Before we begin, I’d like to briefly define what research data support services mean in the context of this study. Research data support services are programmatic offerings such as trainings, workshops, and consulting that support data-intensive research. These services are typically offered by the university library, an academic department, an institute or research center, an IT department, research computing units or cores, but may also be offered by other entities on campus. Research data support services can range from instruction in specific software such as GIS or Python, data management, or analysis.

Our focus today is on services that support your research: services that support your teaching are generally out of scope. Otherwise, I encourage you to think broadly about the services you are aware of on campus and especially those which you have used to support your research. We’re also interested in data support needs that the university does not yet fulfill. Do you have any questions about the study and/or your participation before we get started?

Do I have your consent to begin the interview? And do I have your consent to record our interview?

Introduction

  1. Briefly describe your research focus.
    • Can you share an example of a specific research project you’ve conducted or participated in?
  2. Do you conduct your research alone or as part of a lab or research team?
    • If they conduct research alone, skip ahead to the next section.
    • If they work as part of a team, how are research responsibilities divided up among members of your team?

Data Practices

  1. Do you generate most of your own research data or work mostly with secondary data?
    • What challenges do you face in creating or locating data for research?
  2. Walk me through your typical process for managing research data.
    • How confident are you with your data management process?
    • What are the biggest challenges you face in managing research data?
  3. How do you analyze or model data in the course of your research?
    • What software or computing infrastructure do you use?
    • How do you keep up with new tools and methods for analyzing or modeling data?
    • What challenges do you face in analyzing or modeling data?
  4. Do you make your data available to other researchers after a project is completed?
    • What factors influenced your decision to make/not to make your data available?
    • If yes, where do you deposit or publish your data? What steps, if any, do you take to prepare data for sharing with others?

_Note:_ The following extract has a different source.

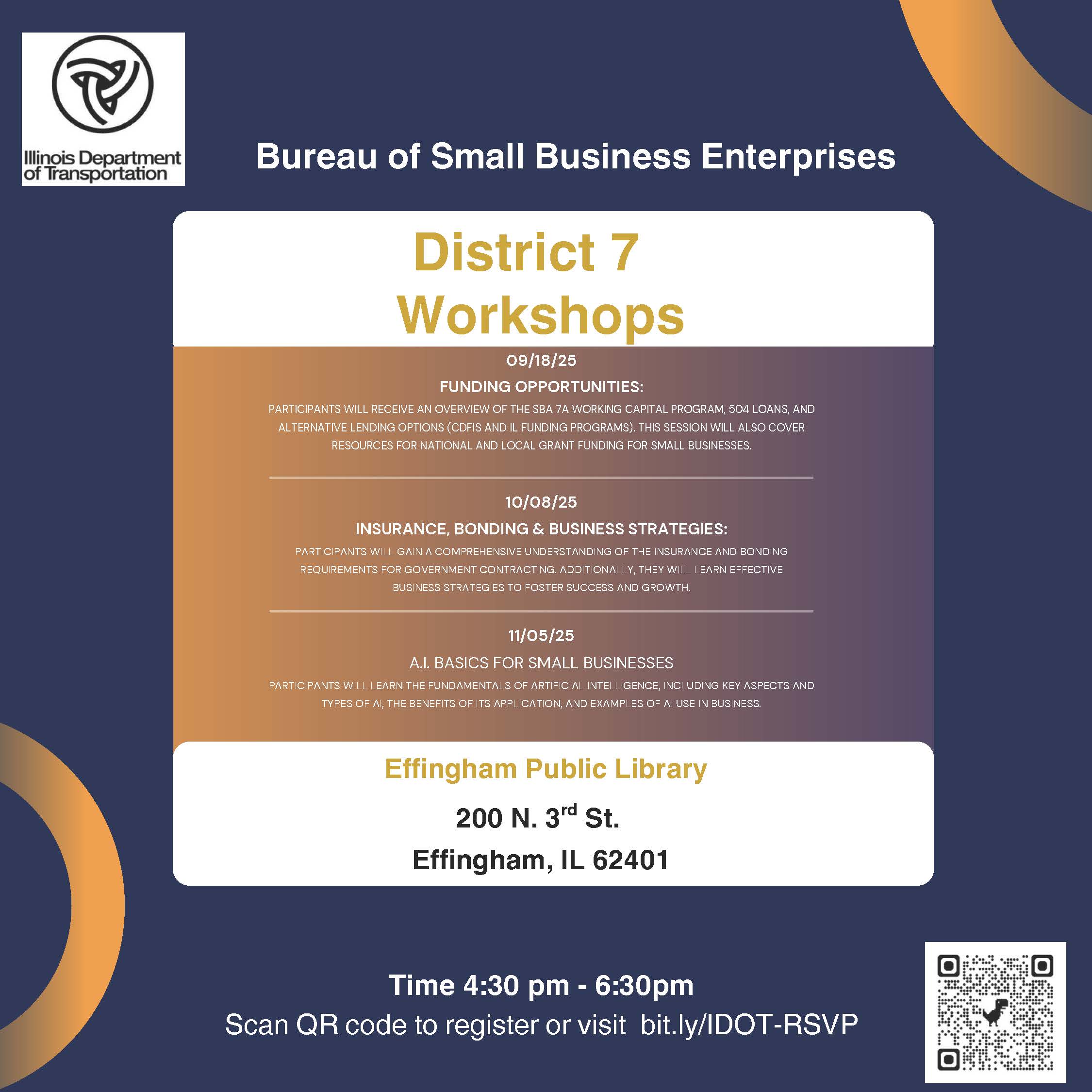 The Illinois Department of Transportation (IDOT) Bureau of Small Business Enterprise Supportive Services is hosting FREE workshops covering topics such as:

Training and Support Needs

  1. When you need help learning a new data skill, where do you turn? Examples: informal help from colleagues, formal training opportunities like classes or workshops, online tutorials or videos.
    • If they work with a team/lab, To the best of your knowledge, where do members of your team go when they need help learning a new data skill?
  2. Have you used campus resources to help support your research data needs?
    • Feel free to use examples of specific services available at your institution to the interviewee if you desire.
    • If no, why not?
    • If yes, when you’ve used resources on campus to help you with your research data needs, what has that experience been like?
      • What types of services have you used?
      • What campus unit offered those services? Examples: the library, an HPC, IT department, a research core.
      • How easy was it to find the resource you were looking for?
    • Did you learn what you hoped to learn or solve the problem you were hoping to solve? If they work with a team/lab
      • Have you ever suggested that a team member make use of a research data support service offered on campus?
      • Are you aware of members of your team seeking out these resources on their own?
  3. Tell me about a time when you looked for a data-related resource and couldn’t find what you needed.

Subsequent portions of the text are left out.